Протагор согласился.
— Но, с другой стороны, когда осмеливаются на что-нибудь, то идут все — и робкие, и мужественные, и, таким образом, на одно и то же идут и робкие, и мужественные.
{E} — Но все-таки, Сократ, совершенно противоположно то, на что идут робкие, и то, на что идут мужественные. Вот хоть на войну — одни желают идти, а другие не желают.
— Здесь «идти» означает нечто прекрасное или постыдное?
— Прекрасное.
— А ведь если прекрасное, то и хорошее по прежнему нашему условию: мы ведь согласились, что все прекрасные действия хороши.
— Ты прав, таково и мое всегдашнее мнение.
— И правильно. Но кто же из них, как ты утверждаешь, {360} не хочет идти на войну, хотя это прекрасно и хорошо?
— Робкие.
— А ведь если это прекрасно и хорошо, то оно и приятно?
— С этим мы были согласны.
— Так, значит, люди робкие сознательно не хотят идти на то, что прекраснее, лучше и приятнее?
— Но если бы мы и с этим согласились, мы нарушили бы все то, в чем мы раньше были согласны.
— А что же мужественный человек? Не идет ли он на то, что прекраснее, лучше и приятнее?
— Необходимо это признать.
— Значит, вообще говоря, мужественные не дурным страхом боятся, {B} когда боятся, и не дурной отвагой отваживаются?
— Это правда.
— А если прекрасным, то и хорошим?
— Да.
— А робкие, и смельчаки, и исступленные, напротив, дурным страхом боятся и дурной отвагой отваживаются?
Протагор согласился.
— Отваживаются же они на постыдное и плохое только по незнанию и невежественности?
— Так оно и есть.
{C} — Ну, а то, почему робкие бывают робки, называешь ты робостью или мужеством?
— Робостью, конечно.
— А не выяснено ли было, что робкими делает неведение того, что страшно?
— Вполне выяснено.
— Значит, из-за этого самого неведения они и робки?
{D} Протагор согласился.
— А то, в силу чего они робки, по твоему признанию, есть робость?
Протагор подтвердил.
— Так именно неведение того, что страшно, а что не страшно, и есть робость?
Протагор кивнул.
— Но ведь мужество противоположно робости.
Протагор подтвердил.
— А понимание того, что страшно, а что не страшно, противоположно неведению всего этого?
Здесь Протагор опять кивнул.
— Значит, понимание страшного и нестрашного есть мужество, в противоположность неведению этого?
Тут Протагор уже не хотел кивать в знак согласия и замолчал.

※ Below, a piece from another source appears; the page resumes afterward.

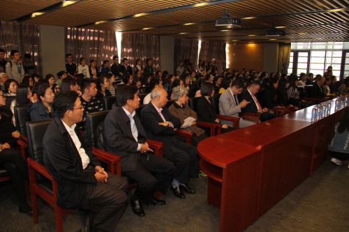 演讲后,大使同现场听众进行了互动。公司师生、员工,来自外交部、中国国际广播电台、中国人民对外友好协会等单位的法语界人士以及中国人民大学、外交公司、北京语言大学、北京航空航天大学、北京城市公司、首都经贸大学等其他兄弟院校的师生在现场共同聆听了大使阁下的演讲。

Я же сказал:
— Что же, Протагор, ты и не подтверждаешь и не отрицаешь того, что я говорю?
— Ты сам доводи до конца, — сказал Протагор.
{E} — Еще об одном только, — сказал я, — спрошу я у тебя: кажется ли тебе по-прежнему, что бывают люди хотя в высшей степени невежественные, но в высшей же степени мужественные?
— Кажется мне, — сказал Протагор, — что ты, Сократ, упорно настаиваешь на том, чтобы я отвечал; уж сделаю тебе приятное и скажу, что на основании прежде признанного мне это кажется невозможным.
— Да ведь — сказал я, — спрашиваю я обо всем этом только ради того, чтобы рассмотреть, как обстоит дело с доблестью и что это такое — доблесть? Я знаю, если это будет раскрыто, {361} тогда всего лучше выяснится и то, о чем каждый из нас распространялся в длинной речи: я — когда утверждал, что доблести нельзя научить, ты же — что она поддается изучению. И мне кажется, что теперь итог наших рассуждений, словно живой человек, обвиняет и высмеивает нас, и если бы владел он речью, то сказал бы так:
«Чудаки вы, Сократ и Протагор! Ты, утверждавший прежде, что доблести нельзя научить, теперь против самого себя усердствуешь, {B} пытаясь доказать, что все есть знание: и справедливость, и здравомыслие, и мужество. Но при помощи такого приема всего более обнаружилось бы, что доблести можно научить: ведь если бы доблесть была не знанием, а чем-нибудь иным, как пытался утверждать Протагор, тогда она, ясно, не поддавалась бы изучению; {C} теперь же, если обнаружится, что вся она есть знание, — на чем ты так настаиваешь, Сократ, — странным было бы, если бы ей нельзя было научить. А Протагор, со своей стороны, тогда полагавший, что она изучима, теперь, видимо, настаивает на противоположном: что она скорее оказалась чем угодно, только не знанием, а следовательно, менее всего поддается изучению».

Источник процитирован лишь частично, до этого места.